一瞬で区別が付く英雄のことを、トップモフリストと俺達は呼んでいる。



10枚の動画を同時に流して、どれが『尻尾フリフリ』が当てるモフリスト試験が動画サイトで行われた。ちなみに俺はトップモフリストの仲間入りをしている。コツはモフメーの気持ちになって考えることだ。



「しかし……レンさん、モフメーなんてなぜ必要なんです? こいつら毛を取る以外に価値ないんですが」



「まあ、いろいろ理由があってね」



確かにモフメーは毛を刈って装備品にする以外、利用価値がない。仲間にしても攻撃を与えられないし、魔法攻撃であっさり死ぬ。火属性の攻撃を受けたら終わりだ。

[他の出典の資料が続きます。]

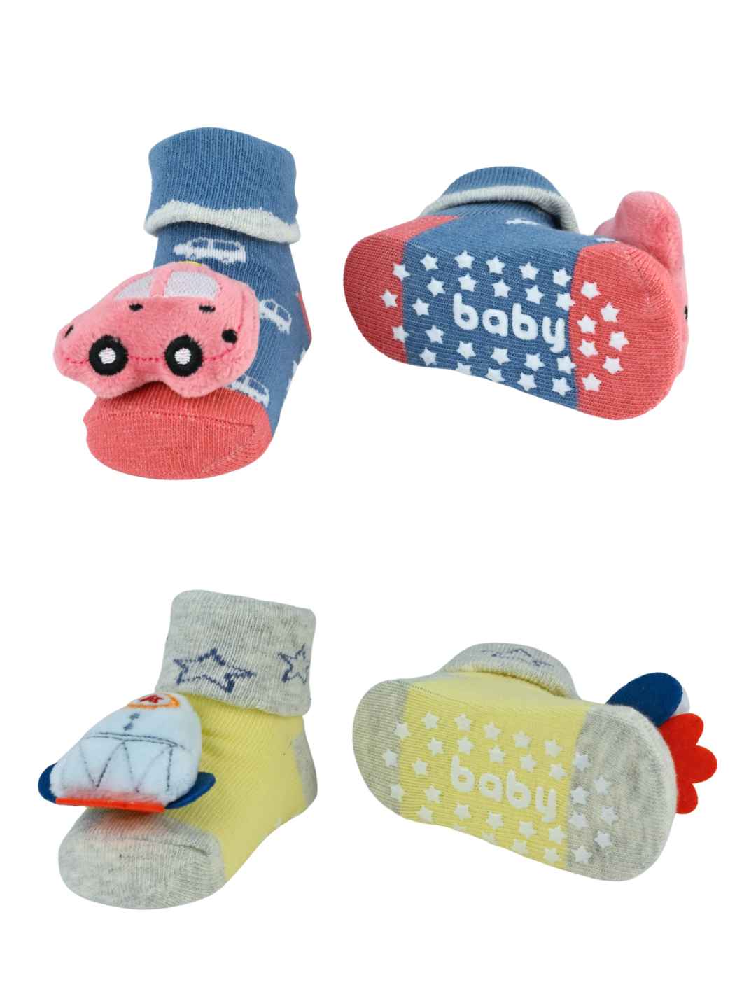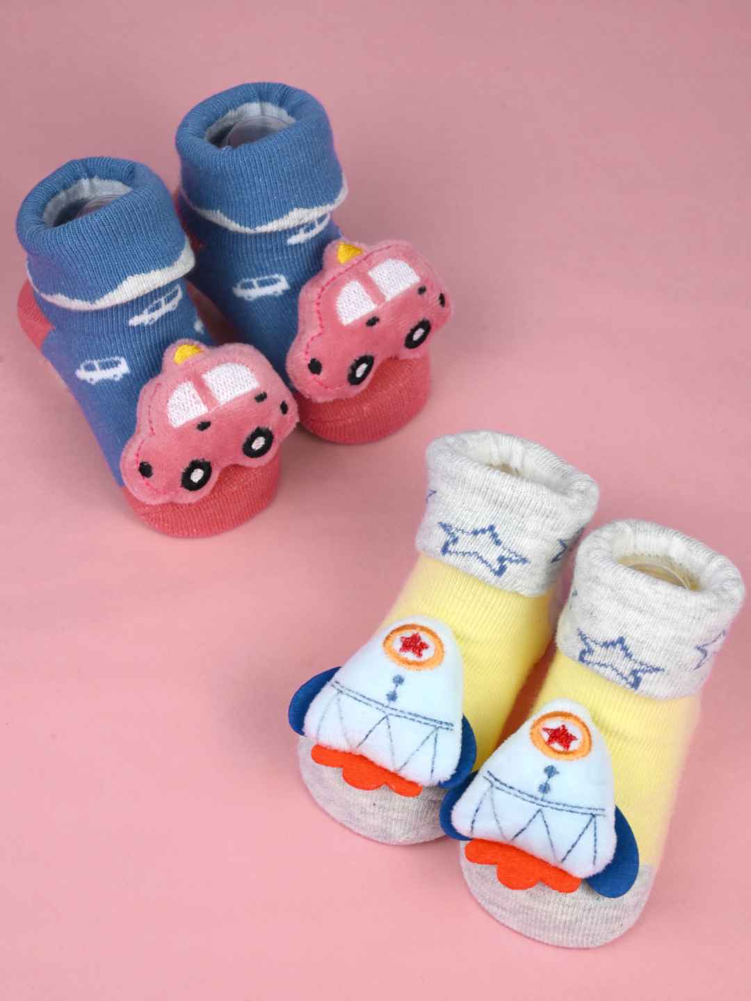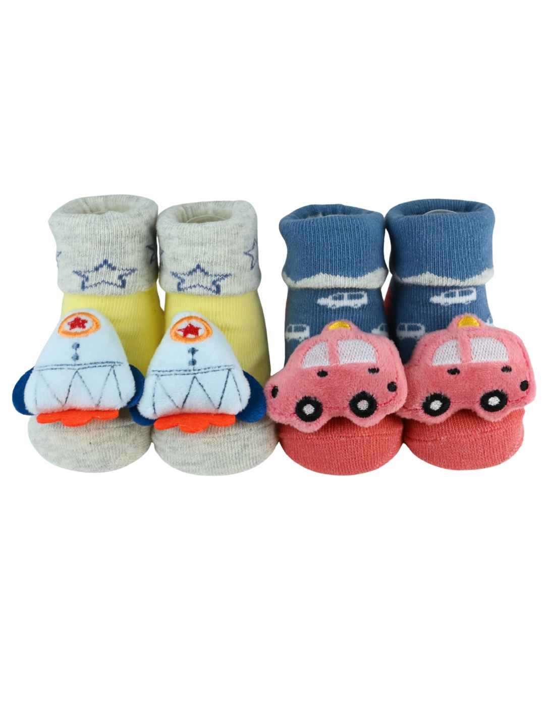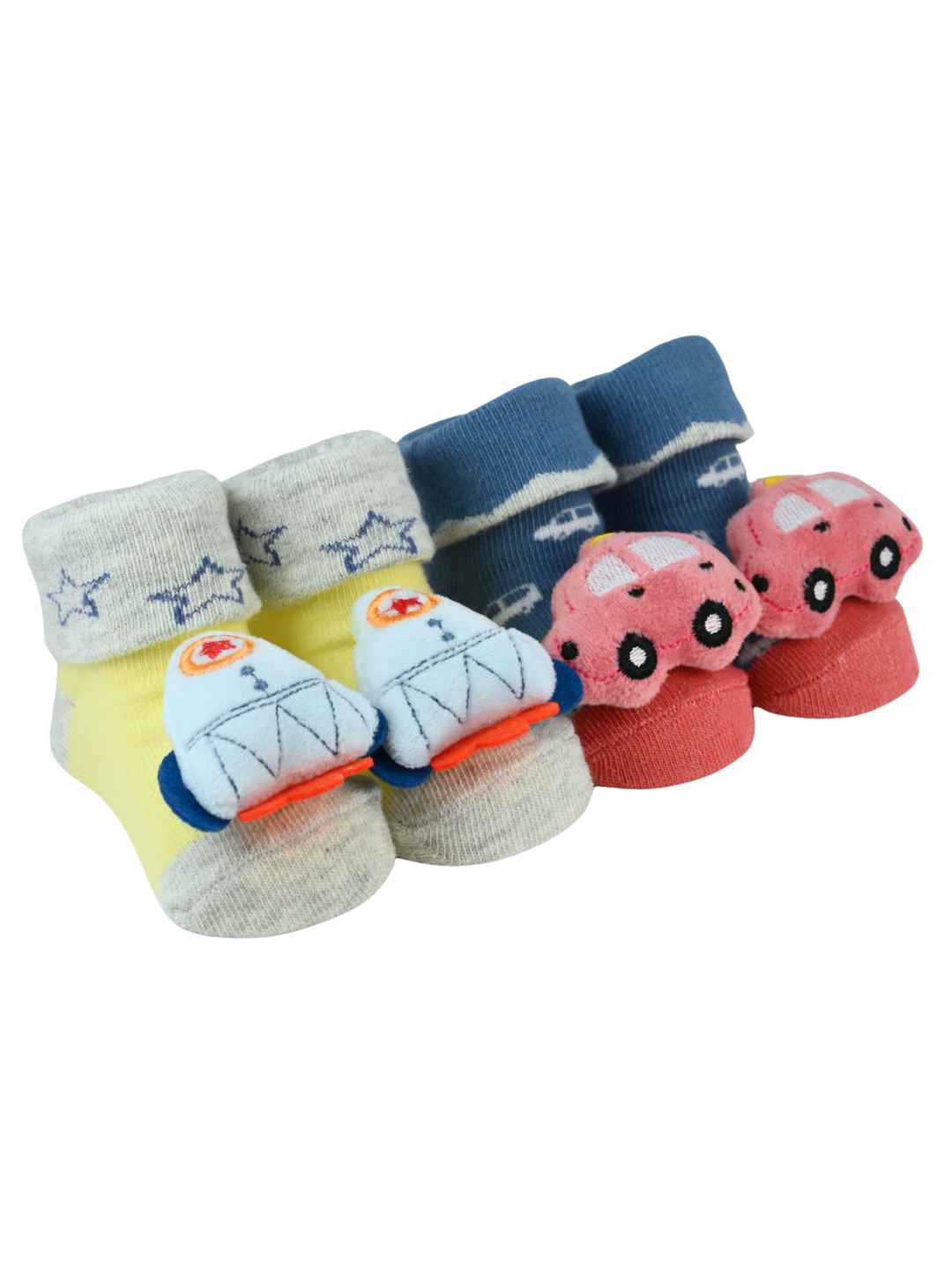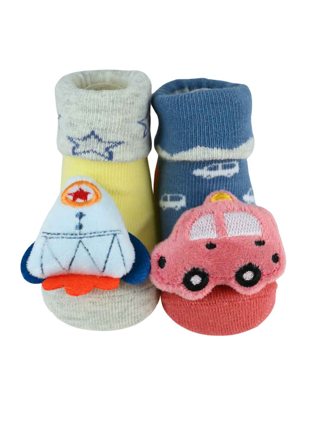 Playful 3D Rocket & Car Design Socks For Boys - Grey & Blue

これからガルドラ火山に向かうのに、連れて行く意味が分からない。



しかし、俺はモフメーの本当の価値を知っている。



「よし、久しぶりのモフメーチャレンジだ」



俺はモフメーの柵に足を踏み入れる。もふもふの白いボールが俺に向かって転がってくる。



ぶつかってもダメージを受けることはないが、これでも英雄、しっかりと全て回避する。



同時にモフメー達の動きを知覚する。その一瞬を狙って。



モフメー達の群れは俺を襲い続ける。その時、目の端で遠くにいるモフメーが一瞬震えた。



見つけた。



『テイム』



俺の手から淡いピンク色の光が飛び、一匹のモフメーを覆う。すぐにその光が濃いピンクに変わった。『テイム』が成功した。



「いやー、やっぱりレンさんはすごいですね、一発でモフメーを手懐けてしまうんですから」



こうして、俺は目当てのモフメーを手に入れた。



テイムされたモフメーは俺に寄ってくる。そして、俺の足元で止まる。



これでモフメーは俺たちと同様に戦闘に加わることができる。フレンドリースキルとして、俺がスキル発動の指示もできる。



一応、テイムしたモンスターを自分で倒すこともできる。経験値も手に入れることができる。もちろん反撃もされないので、楽に倒すことができるが、はっきり言って割に合わない。それなら普通に倒した方が早い。



ギルバートと一緒にいるメアリーがモフメーを触りたそうにしている。このもふもふを味わいたいのだろう。



しかし、いずれモフメーとは別れることになる。あまり情を持たせるわけにはいかない。



俺はモフメーに指示をする。モフメーはピンク色の粒子に変わって、俺の手に吸い込まれていった。



テイムしたモンスターは、このように出し入れ可能となる。最大10体まで、ストックを増やすことができる。



様々な状況に合わせて、モンスターを使い分けるのが、上級テイマーの戦い方だ。



「レンさん、良かったら今日は泊まって行ってください、レンさんのためなら、用意している最高級のお酒を出しますよ」



マーカスの提案に俺は即答した。